Treated wastewater secondary roads can usually be released into rivers and streams. However, such water is not drinkable (not safe for human consumption). The production of drinking water requires further treatment to remove potential pathogens, remove the taste and odor, reduce chemicals difference between osmosis and diffusion nagging such as iron and manganese, and decrease the turbidity, which is a measure of suspended solids. Suspended solids are small particles difference between osmosis and diffusion of solid pollutants that resist separation difference between osmosis and diffusion by natural means ordinary.

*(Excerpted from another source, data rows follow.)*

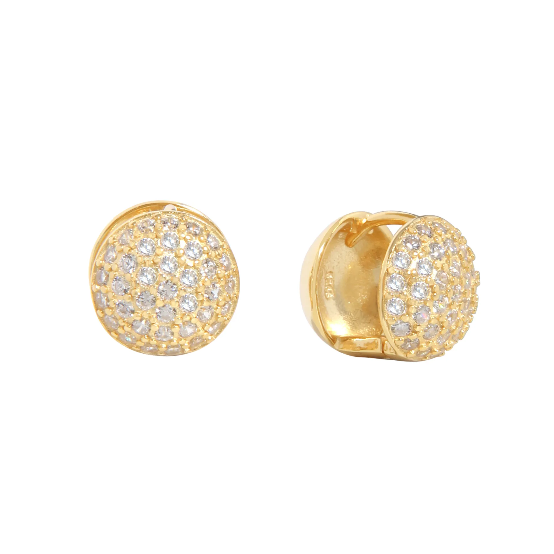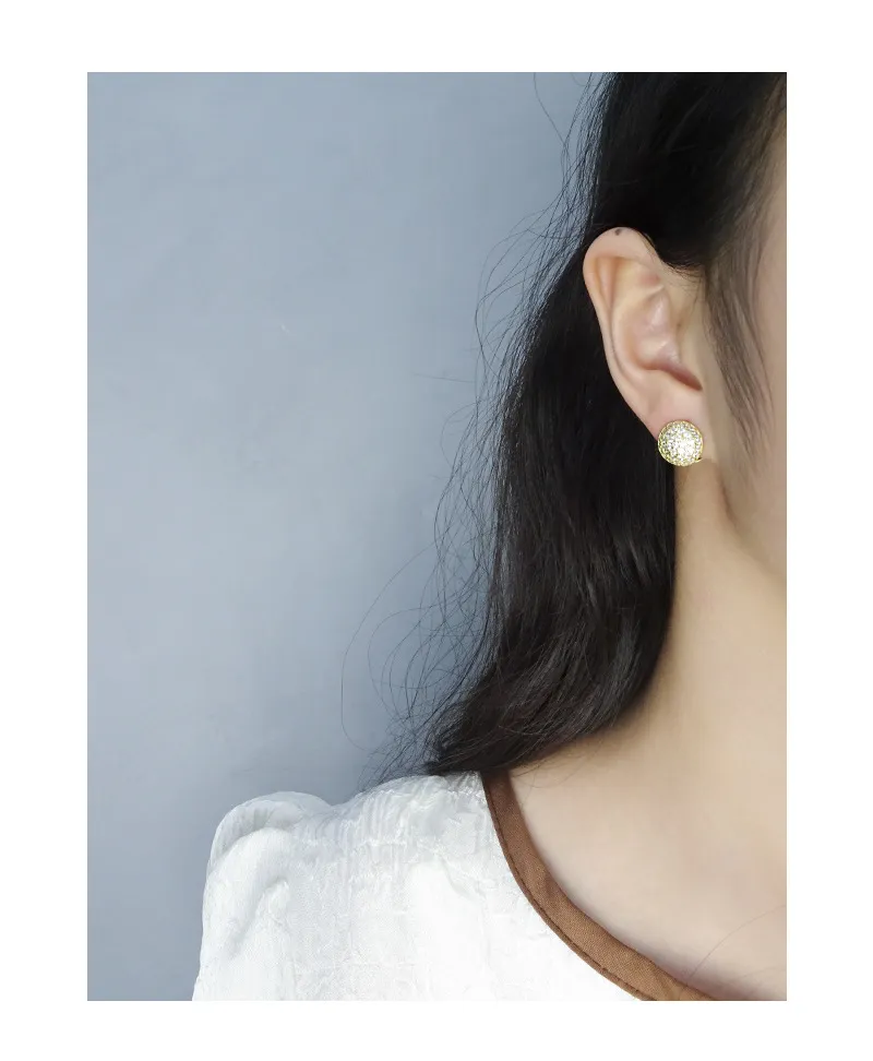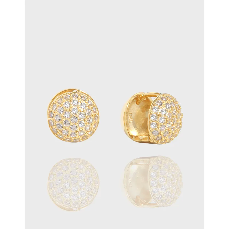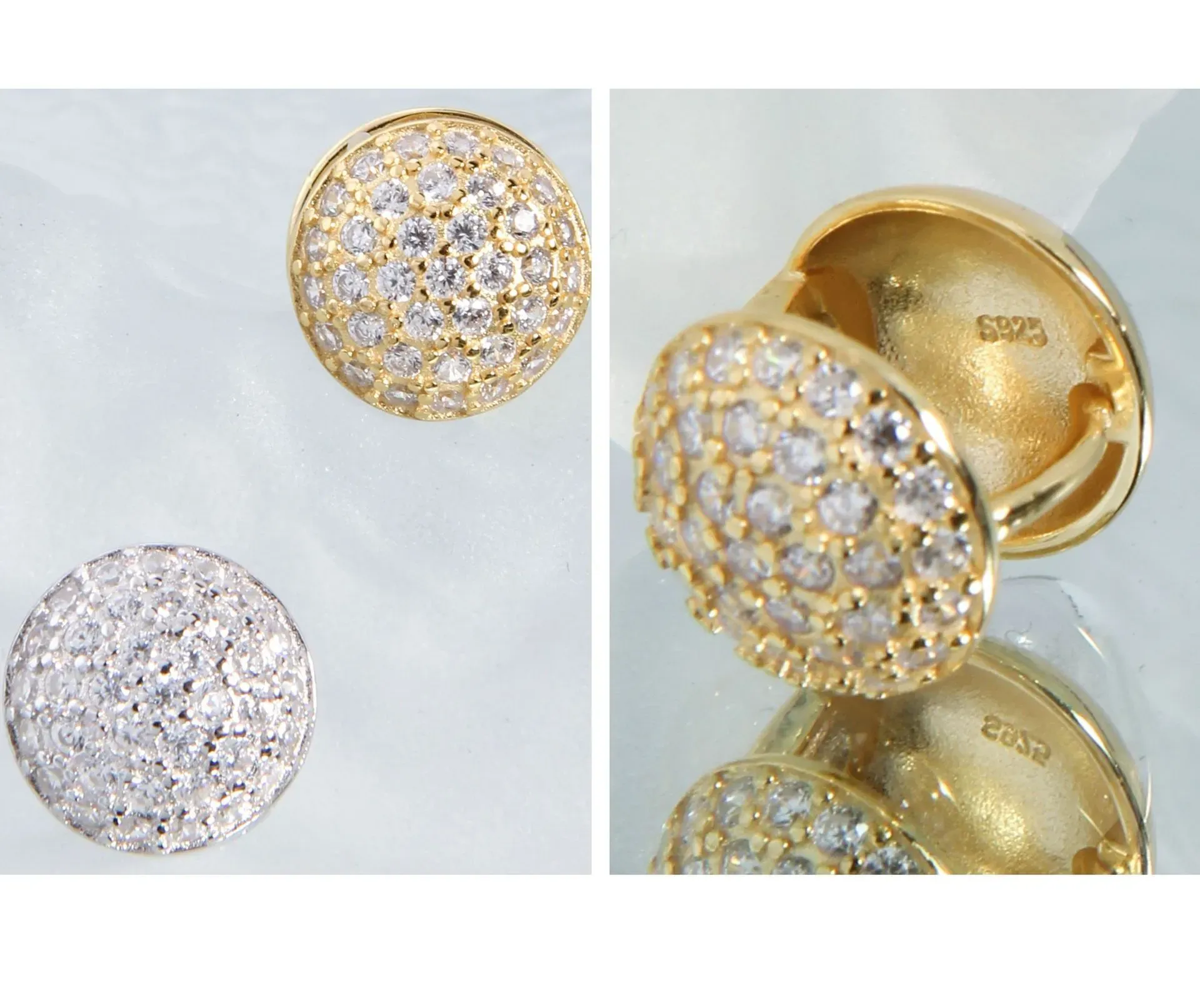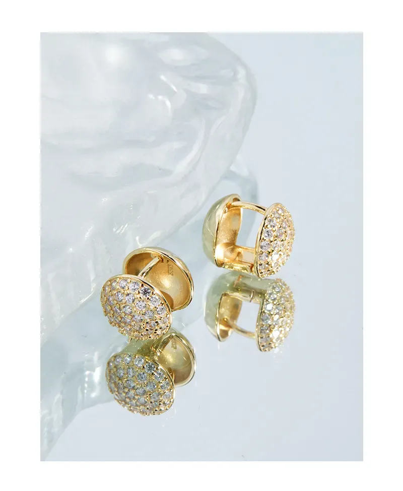 - Patterns & Textures: The dome-shaped front of each earring is meticulously set with a dense pave pattern of numerous small, shimmering stones, creating an exquisite texture that sparkles intensely. The smooth, lustrous gold frame provides a luxurious foundation for the intricate stone work.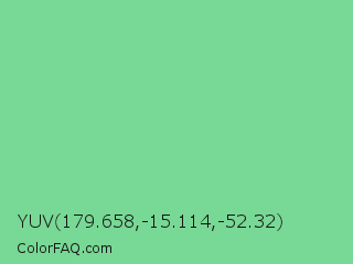 YUV 179.658,-15.114,-52.32 Color is a light green color and the nearest color is De York #7ac488. Hex code #78d895 and RGB value is rgb(120,216,149). In RGB color space, this color is composed of 47% red, 85% green, 58% blue, In CMYK color space, this color is composed of 44% cyan, 0% magenta, 31% yellow , 15% black , In HSL color space, this color has a hue angle of 138° , 55% saturation and 66% lightness.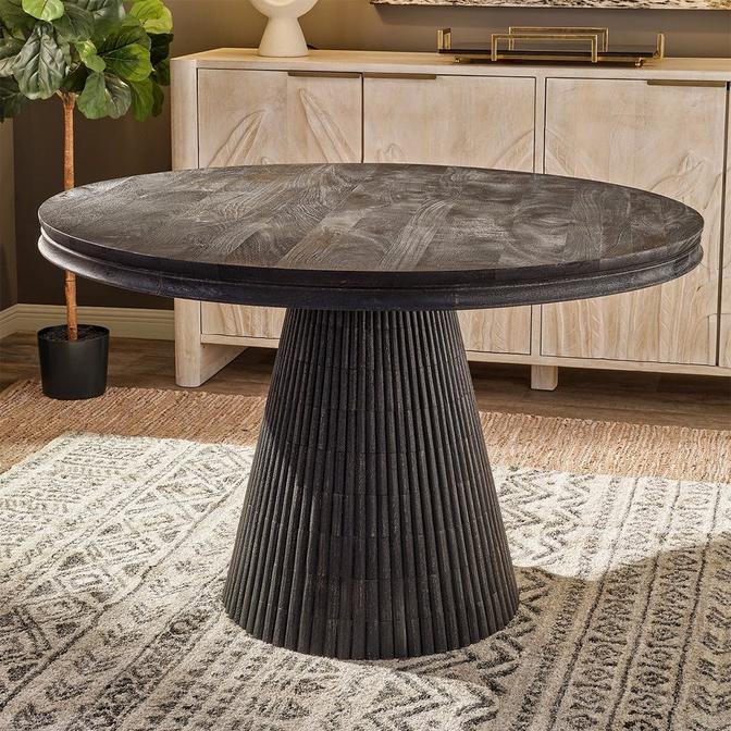 Discover our Sochare Dining Table, a striking piece of rustic modern design. Its round shape features a sculpted cone-shaped base and a hand-laid, chiseled motif, adding texture and elegance. Comfortably seating four, each table boasts a unique finish from natural materials, ensuring no two pieces are alike.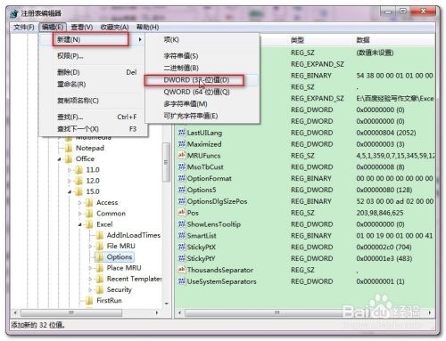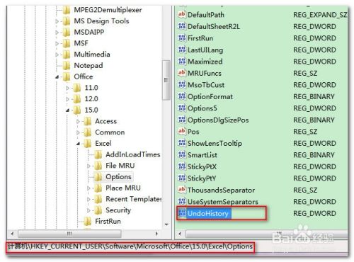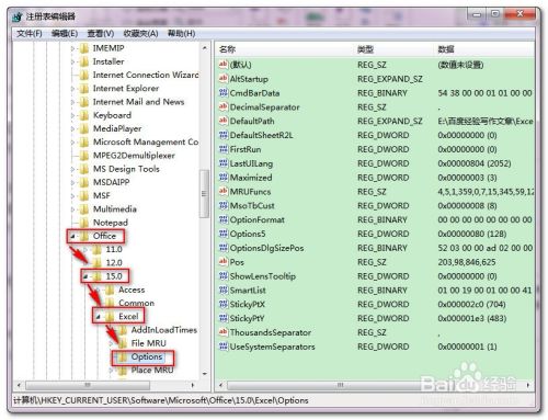 依次展开“我的电脑\HKEY_CURRENT_USER\Software\Microsoft\Office\15.0(根据版本不同而不同,本人为Office2013,所以15.0,其他的版本依次减1)\Excel\Options”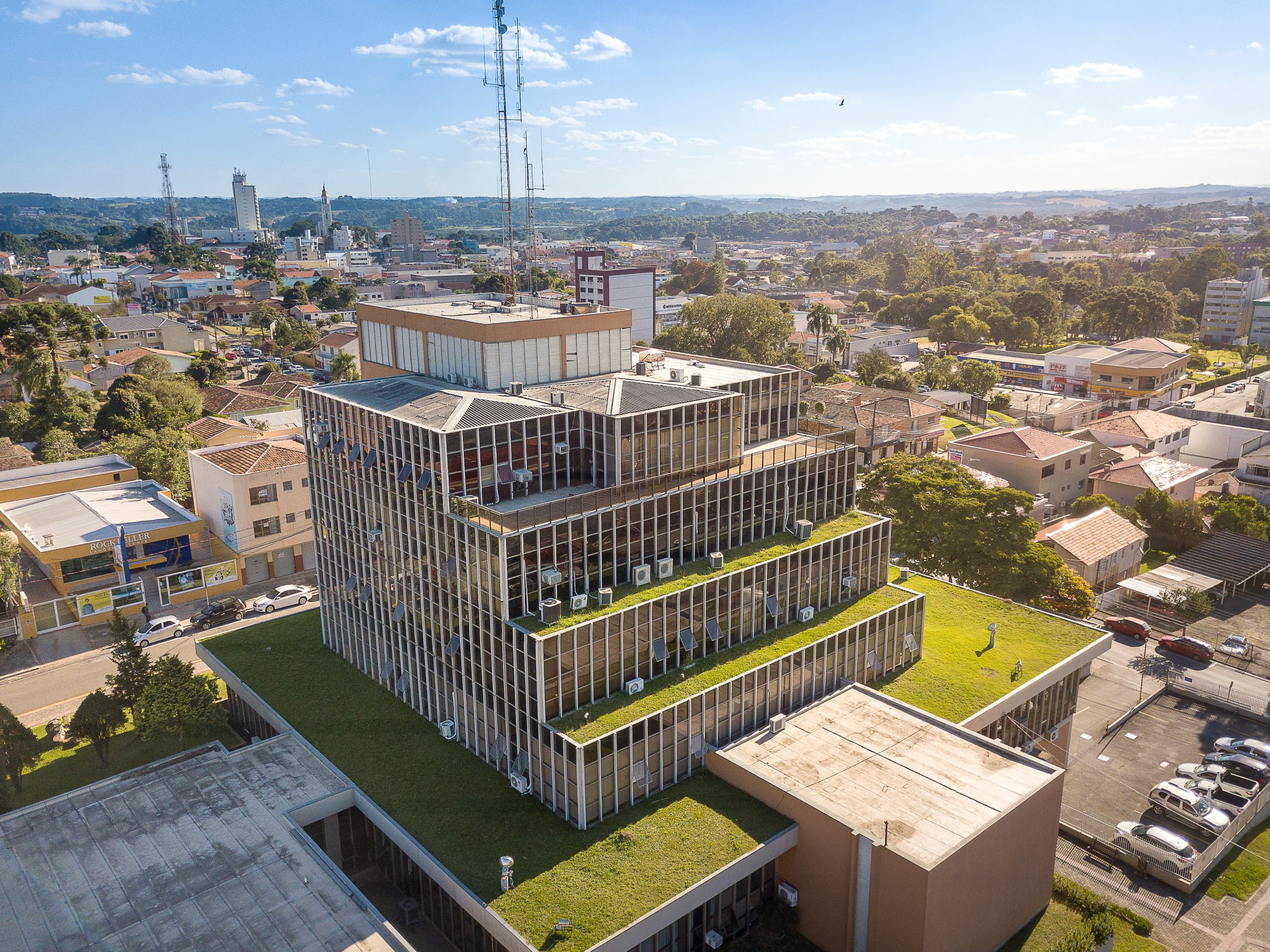 #PraTodosVerem: A imagem relacionada a esta notícia mostra, em destaque o prédio da Prefeitura de Araucária. Trata-se de uma imagem aérea.
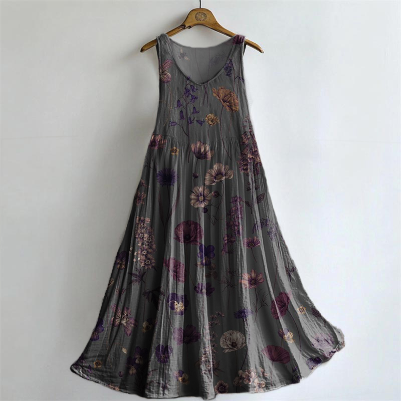Women's Vintage Floral Art Print Crew Neck Sleeveless Cotton Pocket Dress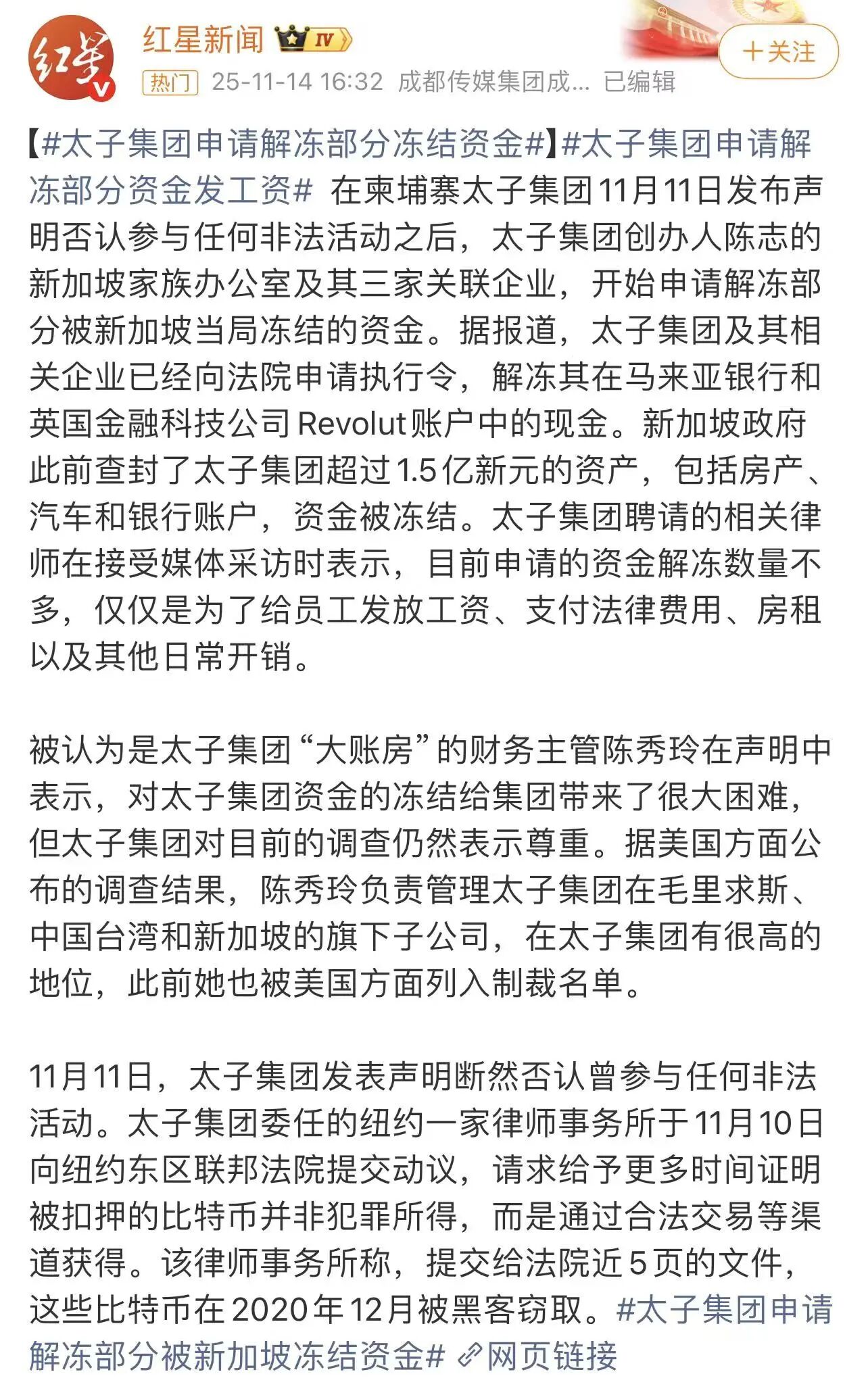 就在陈志躲起来不敢露面的时候,他的太子集团却在 11 月 11 日跳出来发声明,说自己 “没干过任何非法活动”,美国的指控是 “为了抢资产找借口”。紧接着,集团的新加坡家族办公室就向法院申请:“快解冻点钱吧,我们要给员工发工资、交房租!”

Raw water (also called untreated water) is pumped first from the source, to the sedimentation basin, where polymers are added Oineh, aluminum sulfate and chloride. Sediments include dust, sand, metal particles, and other large molecules, stabilize them. Sediment-free water after it is pumped to the precipitator or coagulation basin, which is keeping a large tank where coagulation occurs. Aluminum sulfate and anionic polymers form large particles of suspended difference between osmosis and diffusion solids Most smaller. After mixing, the particles continue to interact, form large blocks grouped, a process called flocculation. difference between osmosis and diffusion The accumulated large molecules (floc) settle by gravity, confine microorganisms absorb organic matter and sediments outstanding.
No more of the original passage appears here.